Car tires protecting marine structures from scour
ERJ staff report (TP)
Lowestoft, UK – A British firm is using old car tires as an innovative solution for scour protection of marine structures.
Scouring (or erosion) of the seabed around fixed structures can affect offshore oil and gas platform installations, turbines, bridge abutments, subsea cables and pipelines. It is also a problem for offshore wind, wave and tidal energy device industries.
A traditional method of combating scour is the placement of rock and stone armour or concrete mattresses around the structure.
Scour Prevention Systems Ltd (SPSL) follows a similar principle but uses car tires connected together to form mats.

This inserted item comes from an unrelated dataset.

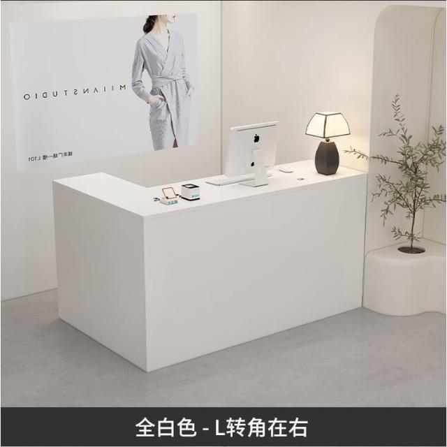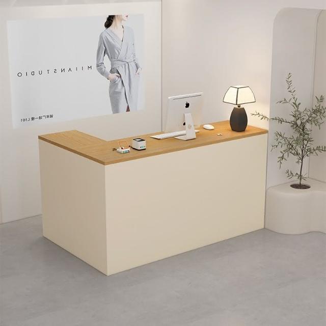 可定製 奶油風服裝店收銀台轉角櫃檯簡約現代女裝店鋪吧台桌L型美容前台收銀檯 接待檯 收納櫃 吧檯
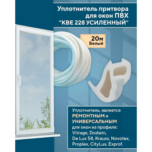 Уплотнитель 228 универсальный для окон ПВХ (ТЭП), длина 20 м, цвет белый

Placing the mats flat on the seabed entraps sediment within their centres. The sediment makes the mats self-stabilising and prevents the lowering of the seabed by scouring. As the high energy tidal flow transports sediment over the mat, the flow is disturbed and speed reduced. Sediment caught up in this disruption becomes entrapped within the mat’s void spaces.
The shape and form of car tires are important features. Their density is perfectly suited for stabilising the seabed, and being less dense than the seabed sediment, they do not sink like rock or concrete.
SPSL said the potential market is huge – an estimated 9,300 km of subsea oil and gas pipelines are projected to be installed between 2012 and 2017, along with 11,000 km of inter-array and export cable at offshore wind farms over the next ten years.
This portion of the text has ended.